Task directions
Your output should be the lines below from the one holding "司法書士、税理士、会計士など" through the one holding "Verleihen Sie Ihrer", transcribed exactly, with no pictures.

Data shown
________________________________________

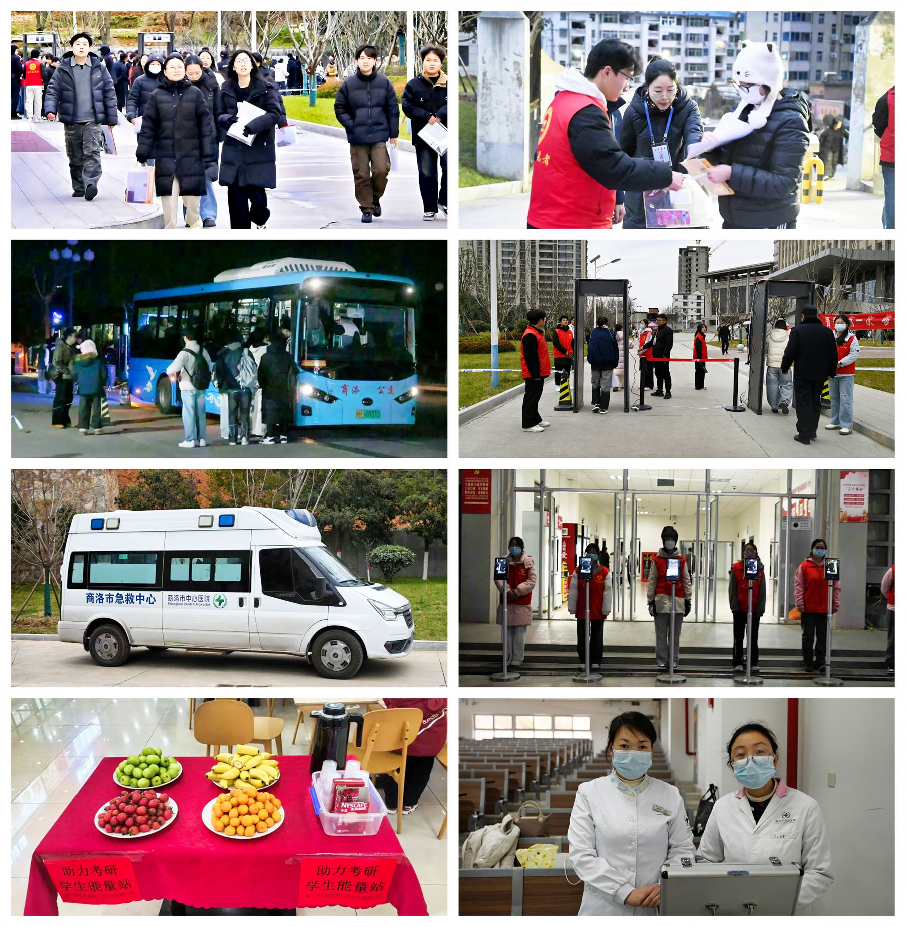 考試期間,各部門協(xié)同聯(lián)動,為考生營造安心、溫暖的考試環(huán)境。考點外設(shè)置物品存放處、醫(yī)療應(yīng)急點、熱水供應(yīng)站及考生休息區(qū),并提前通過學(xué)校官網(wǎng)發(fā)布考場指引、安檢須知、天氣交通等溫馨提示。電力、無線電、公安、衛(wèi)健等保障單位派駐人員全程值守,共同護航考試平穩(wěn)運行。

________________________________________

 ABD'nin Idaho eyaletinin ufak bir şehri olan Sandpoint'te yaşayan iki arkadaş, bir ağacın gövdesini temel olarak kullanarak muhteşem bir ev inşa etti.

________________________________________

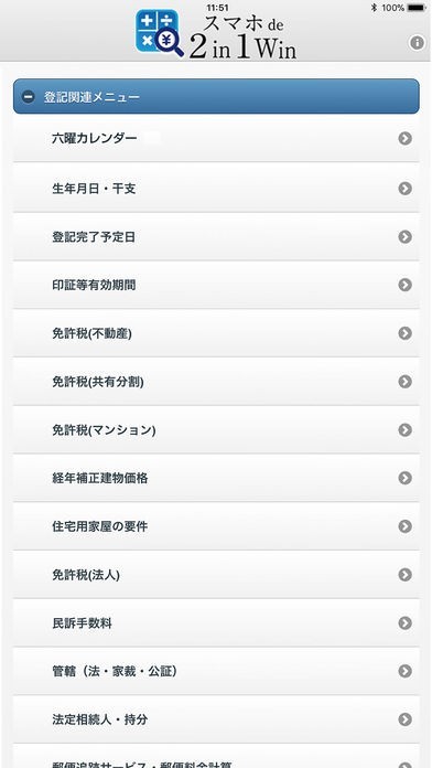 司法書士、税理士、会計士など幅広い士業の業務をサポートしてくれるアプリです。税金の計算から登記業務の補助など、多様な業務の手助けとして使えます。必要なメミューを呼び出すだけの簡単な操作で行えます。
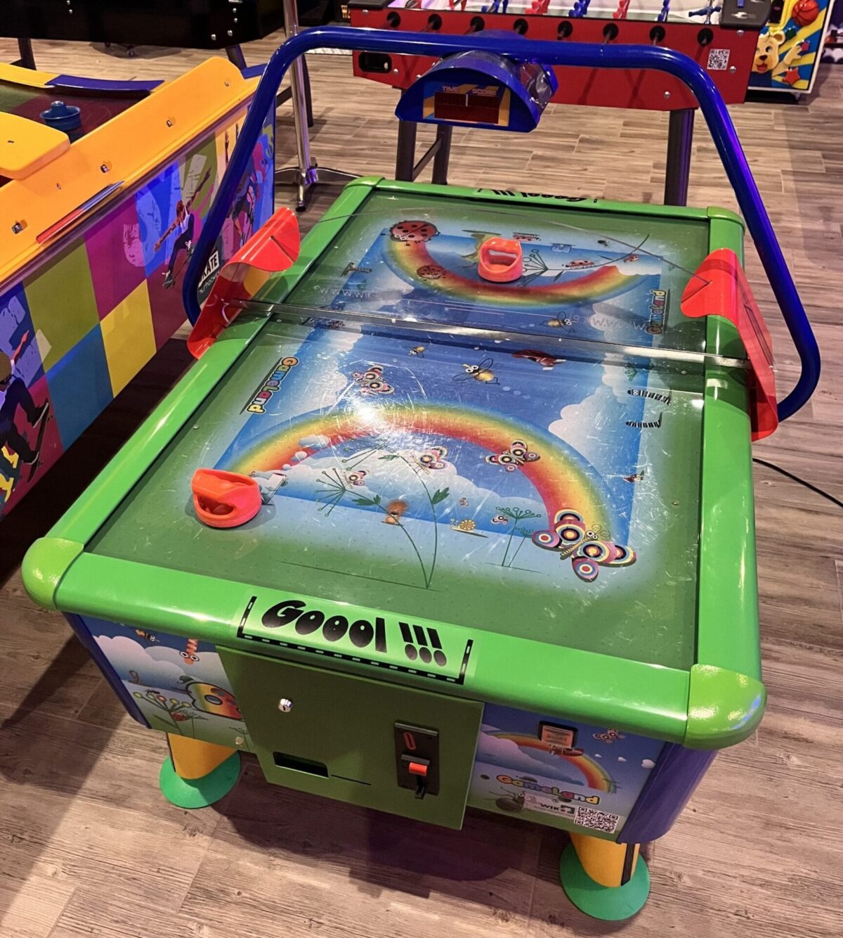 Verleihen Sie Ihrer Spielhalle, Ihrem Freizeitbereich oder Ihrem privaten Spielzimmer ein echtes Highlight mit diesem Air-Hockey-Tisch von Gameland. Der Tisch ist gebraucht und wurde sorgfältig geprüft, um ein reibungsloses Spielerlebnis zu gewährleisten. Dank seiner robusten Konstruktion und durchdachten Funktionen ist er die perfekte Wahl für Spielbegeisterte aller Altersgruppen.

________________________________________

Written answer
 司法書士、税理士、会計士など幅広い士業の業務をサポートしてくれるアプリです。税金の計算から登記業務の補助など、多様な業務の手助けとして使えます。必要なメミューを呼び出すだけの簡単な操作で行えます。
 Verleihen Sie Ihrer Spielhalle, Ihrem Freizeitbereich oder Ihrem privaten Spielzimmer ein echtes Highlight mit diesem Air-Hockey-Tisch von Gameland. Der Tisch ist gebraucht und wurde sorgfältig geprüft, um ein reibungsloses Spielerlebnis zu gewährleisten. Dank seiner robusten Konstruktion und durchdachten Funktionen ist er die perfekte Wahl für Spielbegeisterte aller Altersgruppen.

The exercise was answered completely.